FlexSSL : A Generic and Efficient Framework for Semi-Supervised Learning
This addresses the challenge of leveraging unlabeled data more effectively in semi-supervised learning, though it appears incremental as it builds on existing self-training paradigms.
The authors tackled the problem of semi-supervised learning algorithms over-relying on limited labeled data by proposing FlexSSL, a framework that jointly solves the main task and an auxiliary task of discriminating label observability, which consistently enhanced performance across diverse tasks.

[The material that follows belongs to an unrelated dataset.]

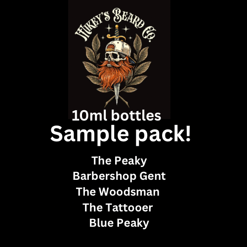 5 bottles, 10ml sized bottles containing our mainline beard oil products!
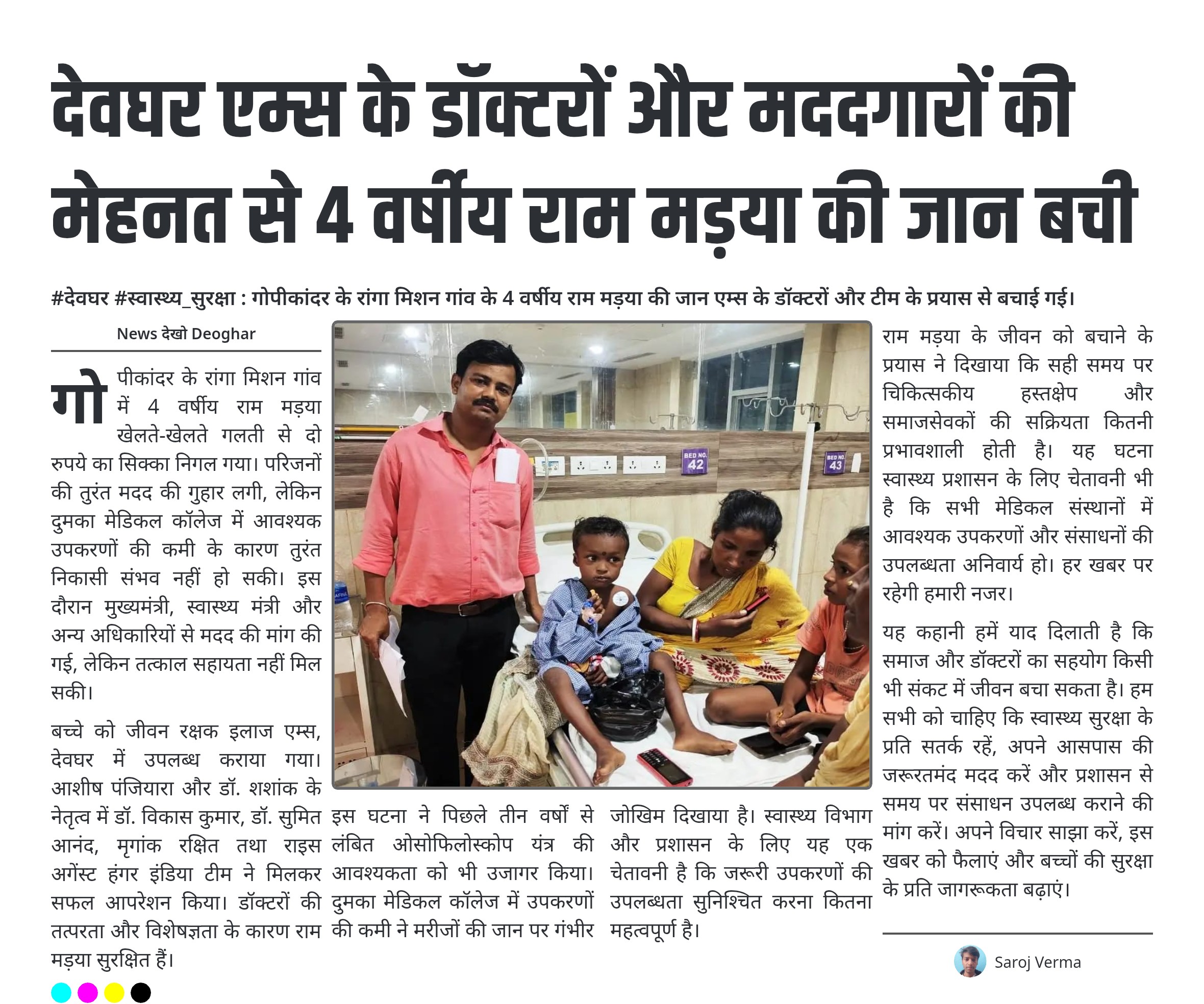देवघर एम्स के डॉक्टरों और मददगारों की मेहनत से 4 वर्षीय राम मड़या की जान बची

Semi-supervised learning holds great promise for many real-world applications, due to its ability to leverage both unlabeled and expensive labeled data. However, most semi-supervised learning algorithms still heavily rely on the limited labeled data to infer and utilize the hidden information from unlabeled data. We note that any semi-supervised learning task under the self-training paradigm also hides an auxiliary task of discriminating label observability. Jointly solving these two tasks allows full utilization of information from both labeled and unlabeled data, thus alleviating the problem of over-reliance on labeled data. This naturally leads to a new generic and efficient learning framework without the reliance on any domain-specific information, which we call FlexSSL. The key idea of FlexSSL is to construct a semi-cooperative "game", which forges cooperation between a main self-interested semi-supervised learning task and a companion task that infers label observability to facilitate main task training. We show with theoretical derivation of its connection to loss re-weighting on noisy labels. Through evaluations on a diverse range of tasks, we demonstrate that FlexSSL can consistently enhance the performance of semi-supervised learning algorithms.